━━━ Stored data

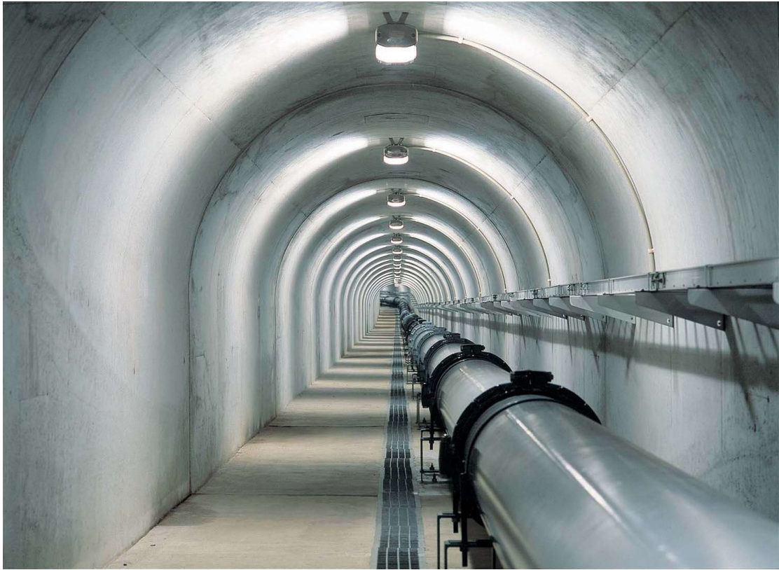
立野水源（ずい道）延長 790m
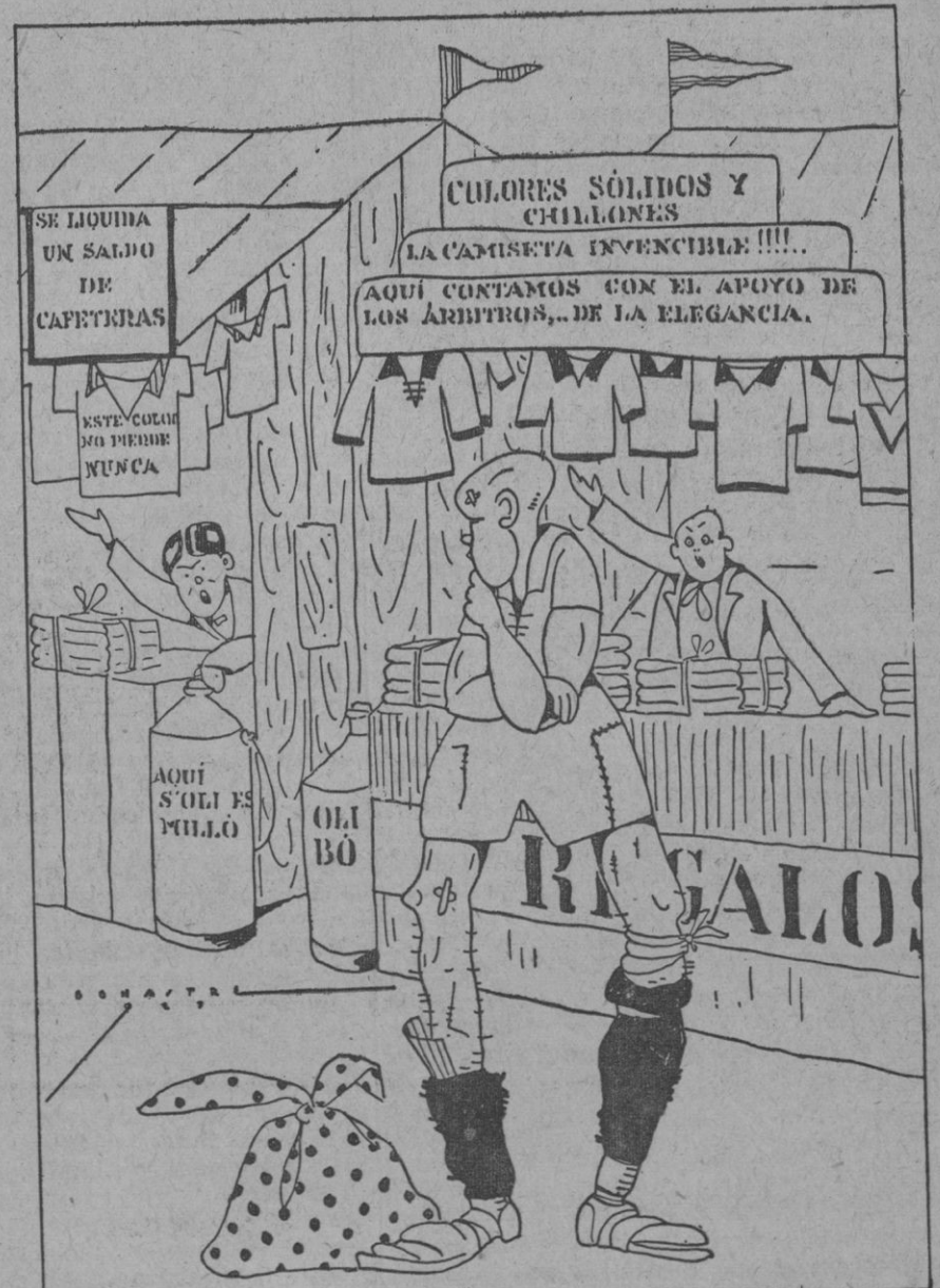
La feria anual

Georges Clemenceau, que se encontraba muy grave, está ahora en vias de curación.

━━━━━━

**Your goal**
Everything above except the pictures needs to be reproduced exactly.

**Your response**
立野水源（ずい道）延長 790m
La feria anual

Georges Clemenceau, que se encontraba muy grave, está ahora en vias de curación.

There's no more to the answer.